Other mosques include Mansouria Mosque, Barrima Mosque, Zaouia of Sidi Bel Abbes, Zaouia of Sidi Ben Slimane al-Jazuli, Zaouia of Sidi Youssef Ben Ali, and Sidi Moulay el Ksour Mosque.


Synagogues include Synagogue Beth-El, Synagogue Salat el Azama, and Synagogue Salat Rabi Pinhasse.

Tombs and burial grounds

Saadian Tombs

Saadian Tombs

The Saadian Tombs (31°37′01″N 7°59′20″W / 31.61694°N 7.98889°W / 31.61694; -7.98889) were built in the 16th century as a mausoleum to bury many Saadian rulers and entertainers. It was lost for many years until the French rediscovered it in 1917 using aerial photographs.
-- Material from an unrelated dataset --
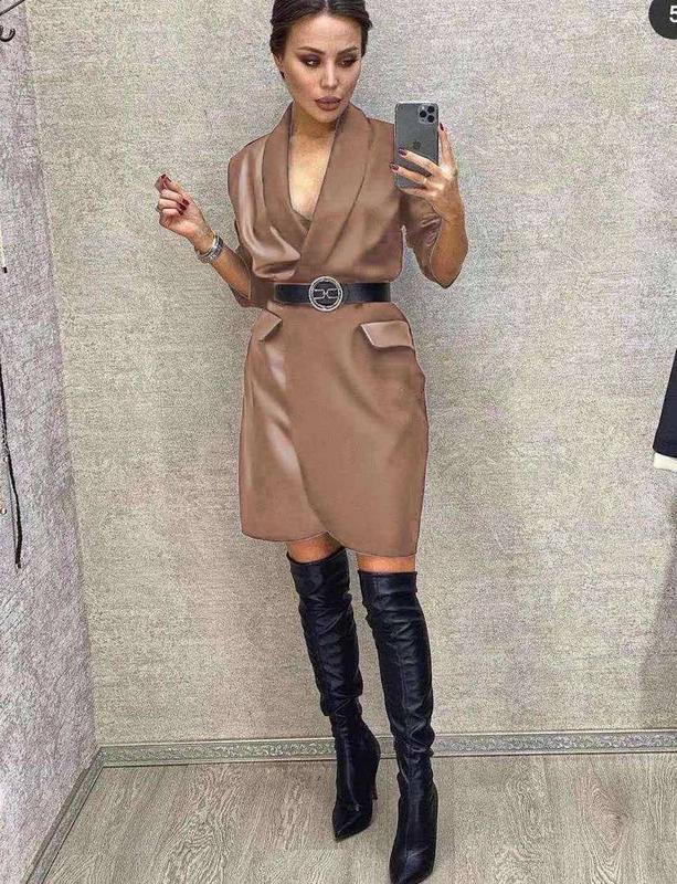 Фабрична якість, повністю закриті передні полички сукні (внутрішня частина виконана з костюма, тобто як підклад у піджака). Всередині сукня на зав'язці, що дасть вам впевненість у носінні. Декоративні клапани виконані з екошкіри, кишені немає. Спинка виконана з костюмки. У комплекті йде шкіряний пояс (виконаний з екошкіри без пряжки)---------------------

The mausoleum comprises the corpses of about sixty members of the Saadi Dynasty that originated in the valley of the Draa River. Among the graves are those of Ahmad al-Mansur and his family. The building is composed of three rooms, of which the best known is the room with the twelve columns. This room contains the grave of the son of the sultan's son Ahmad al-Mansur. Architecturally it represents Islamic architecture, with floral motifs, calligraphy and geometric mosaic tiles (zellij) and carrara marble, and the stele is in finely worked cedar wood and stucco work.[5][15] Outside the building is a garden and the graves of soldiers and servants.

Seven Saints Tombs

In the Medina of Marrakech, there are seven tombs of the “Patron Saints of Morocco”, which are visited every year by pilgrims on successive days during the ziara (a week long pilgrimage) It is believed that these saints are only sleeping and will wake up one day to do good deeds. A pilgrimage to the tombs was considered as an alternative to pilgrimage to Mecca and Madina for people of western Morocco who could not visit due to arduous journey involved. The most important of the seven tombs is the shrine of Sidi bel Abbas.[50] The spiritual tour, known as the Visit of the Seven Men of Marrakech, includes a rotary movement as an expression of the quest for inner perfection. The tour of the Seven Saints Tombs follows the city's configuration rather than the Patron Saints' chronological order. Performed on Fridays, the tour follows a sequence: Sidi Yusuf ibn Ali Sanhaji, Sidi al-Qadi Iyyad al-Yahsubi, Sidi Abul Abbas Sabti, Sidi Mohamed ibn Sulayman al-Jazouli, Sidi Abdellaziz Tabba'a, Sidi Abdellah al-Ghazwani, and lastly, the tomb of Sidi Abderrahman al-Suhayli.[51]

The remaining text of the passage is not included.